Do you suggest any changes probably the private sector would think of?
Dr Sushil Mandhania: Those who spread violence need to understand that they will not go spot free. Every state has got it’s own act for example Maharashtra Medical Protection Act. In some cases, people needed to prove themselves innocent.
I agree that communication should be more transparent. And I also agree that the infrastructure should be improved in government hospitals. Also, poor people should be given treatment at the government hospitals as they cannot afford treatment at private hospitals.
What do you suggest to put an end to this vicious cycle of violence?
Dr Sandeep Mishra: we need to work at three levels. First is the physician level, second being the hospital level and the third is community level. At the first level, three things are important. One is communication skill because that will prepare the patient for any risk. Second is that the infrastructure should be organized in such a way that the patient knows about their illness, treatment, prognosis and expected outcome, in detail. Thirdly, the doctor should convey this in an empathetic manner so that the patient is relieved.
Hospitals need to be better organized. They need to have organized security management and operators. A committee should be set up that keeps a check on the violence and comes into action once violent situation occurs. There should be posters on the hospital walls announcing “Violence against doctors is an offensive act”.

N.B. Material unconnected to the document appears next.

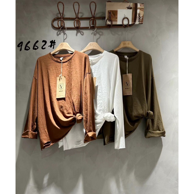 Cz9662早秋の韓国版丸首カジュアル長袖tシャツ女性2024新型百合頭上着シャツファッション

At the community level, people should be assured that anyone who tries to commit this act will be punished under that laws that are present in our country.
Stringent laws are already existing in the country, but they don’t seem to be a cogent solution to violence. What do you think is the key to end this?
Dr Sushil Aggarwal: Immediate action should be taken against those who practice violence, but this is a short term solution. For a long term solution, we need to improve our healthcare facilities.
Is there a way to express the grief of a doctor in a difficult moment without violence?
Dr SSC Chakra Rao: The main problem with the implementation of law that has been brought in to curb this violence is the interference of the politicians who free the culprits. This is why there is no fear among these people regarding these laws.
Other problem is that more than one people rush into the hospital for a single patient and hospital cannot accommodate so many relatives. It is the responsibility of the community that they understand this fact. Doctor is a precious part of the society as they study for years to be able to serve the community.
The least we can do to for these saviors is stop vandalism and violence spreading against them. And this has to come from the community itself and I hope that changes are implemented in the near future.